- Современная цивилизация потребления требует от нас все время быть счастливыми и наслаждаться.
- Возникла целая индустрия счастья, поддержанная массовой культурой, психотерапевтами и антидепрессантами.
- Стремление к абсолютному счастью в отношениях с другими – утопия. Люди ждут от отношений счастья, а при возникновении проблем бросают их и остаются одни.
- Нейронаука показывает важность эмоциональной боли, грусти и расстройства как ключевого условия социализации и эмпатии.
- Свобода означает и свободу человека быть несчастливым, работать со своим несчастьем, пытаться изменить себя и окружающую действительность.
Сергей Медведев: О режиссере Андрее Тарковском рассказывают, что в поздние годы жизни, уже знающий о своей смертельной болезни, он выступал с лекциями в одном из американских университетов. И там студентка задала ему вполне стандартный вопрос: "А что вы посоветуете для того, чтобы быть счастливым?" Режиссер ответил: "А с чего вы взяли, что вы должны быть счастливы?" Об этом и наша сегодняшняя программа – должен ли человек быть счастливым, создан ли он для счастья, как птица для полета?
Видеоверсия программы
Сергей Медведев: У нас в гостях Жюли Реше, философ, некропсихотерапевт, и Владислав Земенков, культуролог, приглашенный преподаватель НИУ ВШЭ.
Я хочу поговорить об индустрии счастья, потому что, как я понимаю, современная культура фактически предлагает нам императив счастья – мы должны быть счастливы.
Жюли Реше: Да, есть такая тенденция. Это то, что мой научный руководитель Аленка Зупанчич называет биоморальностью, когда в качестве идеала пропагандируется абсолютно перманентно счастливый человек. И этот стереотип навязывается. Считается, что человек должен быть все время счастлив. Сам аппарат психологов рекламирует себя как предоставляющий людям возможность все время быть счастливыми. Счастье ассоциируется со здоровым психологическим состоянием. Люди пытаются быть счастливыми, но у них это плохо получается.
Сергей Медведев: А когда это все началось? Это синдром модерна? Ведь такого императива счастья не было, к примеру, в средневековой культуре.
Владислав Земенков: Проблема грусти неразрывно связана с вопросом о том, что такое счастье. И этим вопросом, безусловно, задавались еще до развития христианства, еще в античную эпоху - прежде всего, греческие философы. Аристотель развивал теорию эмоций в этической плоскости, он является автором такого термина, как "добродетель". В своей этике Аристотель развивал этот концепт счастья: счастье неразрывно связано с публичной, общественной жизнью человека, и для его достижения необходимо жить добродетельной жизнью, испытывать те или иные эмоции. Потом этот пафос поддержали более поздние философы, стоики, эпикурейцы, которые связывали счастье и удовольствие, во главу угла ставили избавление от боли, физических страданий.
Это, конечно, очень важно. Другое дело, что современная европейская цивилизация, цивилизация модерна, которая выстраивалась на основе христианской идеологии, безусловно, трансформировала это представление о счастье с учетом пожеланий античных философов и средневековых христианских представлений.
Сергей Медведев: Но она несла их вперед, в загробную жизнь.
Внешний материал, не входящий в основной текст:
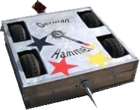 German Hammer was an invertible, box-shaped robot painted grey and featuring four-wheel drive. Its main weapon was a cutting drill similar to the one used on Niterider, which proved fairly ineffective in its qualifier, serving mainly to bypass the active weapon rule required for all Seventh Wars competitors. Otherwise, the robot focused purely on ramming with its static spike. It had three stars painted on it, each in one of the colours of the German flag.

Владислав Земенков: Да. Средневековая цивилизация, конечно, связывала счастье с божественным единением, с богом. Счастье средневекового человека – это довольствоваться тем, что у него сейчас есть, и ему будет воздаяние – счастье в загробном мире. Цивилизация модерна воплотилась в знаменитой ницшеанской фразе "бог умер", то есть умерло представление о божественном, о том, что нужно соединиться с богом, - оно, конечно, работает по-другому.
Сергей Медведев: Одна из таких генерирующих моделей счастья – это pursuit of happiness ("погоня за счастьем"), которая записана в американской Конституции. Это американизация создала в современной культуре императив счастья?
Считается, что человек должен быть все время счастлив. Люди пытаются быть счастливыми, но у них это плохо получается
Жюли Реше: Сложно проанализировать истоки, но это действительно ассоциируется с Америкой, а сейчас развивается и в России. И очень странно, что изначальное понимание счастья в античности не было аналогично современному ощущению счастья (возможно, это связано с сегодняшней медикализацией). Оно ассоциировалось с определенным чувством удовлетворения от моральных поступков.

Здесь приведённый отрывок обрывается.